Somehow, I can’t see that catching on in mainstream advertising, but it feels a lot more honourable than the usual approach.

About Nimue Brown

Druid, author, dreamer, folk enthusiast, parent, wife to the most amazing artist -Tom Brown. Drinker of coffee, maker of puddings. Exploring life as a Pagan, seeking good and meaningful ways to be, struggling with mental health issues and worried about many things. View all posts by Nimue Brown

6 responses to “Selling you something

  • Alex Jones

    The purpose of television is to serve the marketing men in selling advertising to the consumer. The trick as you note is to place a person in a state of need, that will be satisfied by the magic pill of buying the product advertised.

  • bish

    That is so very subversive. And a model of modern advertising.

    Tell your readership they don’t need your book and tell them to look at other authors… the implicit message being that this is a good and trustworthy person telling you good ethical sensible stuff (so perhaps you ought to get closer in touch with some more of her good thoughts… maybe, buy her book) LOL. They still don’t need your book, but now they want it.

    You cannot win. We cannot win. And in fairness of course you did tell us you were trying to sell us something. 🙂

    (For those who don’t know me, and who might not have seen my glowing review of Nimue’s book elsewhere, I am joking)

  • Jennifer Tavernier

    Gee – here in the USA, fear-inspired adverts have become full fledged reality shows. (with their own adverts!) They do not produce the product, and tell you where to get it, they are all into “Lifestyle” (so they can sell the backgrounds, clothes, camaraderie, etc. too) LOL!

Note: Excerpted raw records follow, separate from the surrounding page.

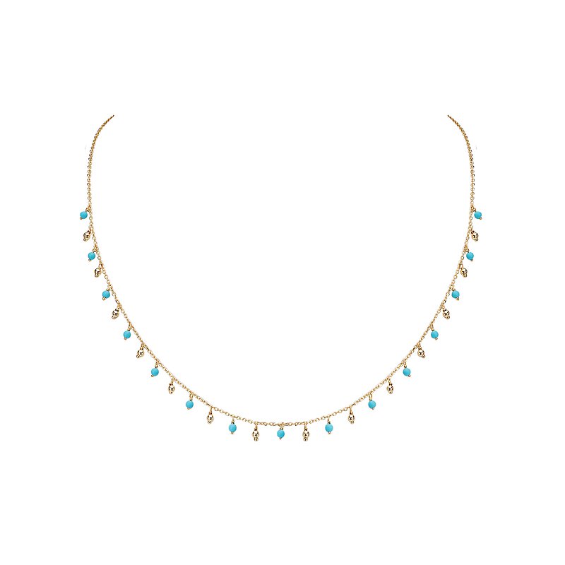 Italian 14kt yellow gold necklace with a fringe design created by alternating dangling turquoise and...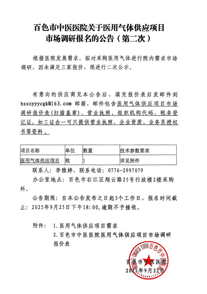 附件1:医用气体供应项目需求.docx附件2:百色市中医医院医用气体供应项目市场调研报价表.xlsx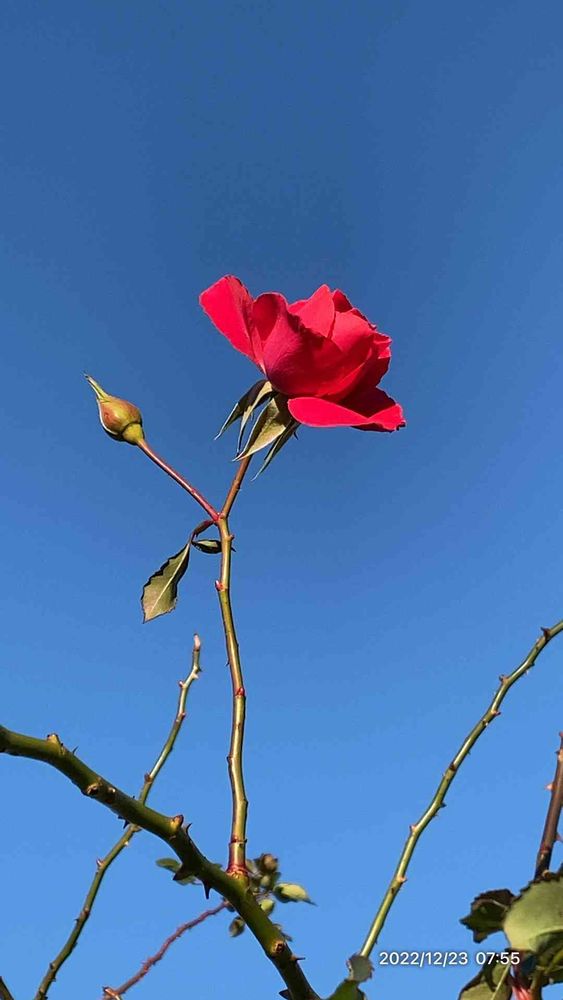 紺碧の空に真紅の薔薇。言うことなしですねぇ🤩🥰

    I have given up on volume controls, except that I turn to “mute” when the commercial comes on. (since they will bust your eardrums and wake anyone in a 100 yard radius, not to mention the dead.) Makes it hard to catch things at night – the good intelligent things.)

    And of course now, the commercials and screen bottom banners have more length to them than the actual writing/program. They figure that 4.3 minutes is a good average time for programme slots, interspersed with 5-7 minutes advert/commercial lengths.
    However, there are a few Commercial Gems – (like the silly operetta for a financial annuities company, and folger’s and maxwell house (coffee) real people singing/dancing ads. Now THAT puts the art back into it, at least, and they are totally well done. Make you smile!)
    The fun stuff comes on late. i/2 hour long infomercials, that insomniacs love, on everything under the sun. Strangely enough, there are NO commercials at all!
    Sigh…Few and far between, I think that is another reason that some are hooked to TV – just waiting for an intelligent and decent commercial.
    However, I DO like the reverse psychology angle! LOL! An unexpected bit of something new and tongue-in-cheek!

  • Fionnech

    It’s frightening how much psychological manipulation goes into convincing us to buy things. I recently found a host of neuroscience research, the purpose of which was to use the way our nervous systems function to create ads which target us at a neural level too.

    I’m very grateful for the ability to record programmes and fast forward through the adverts.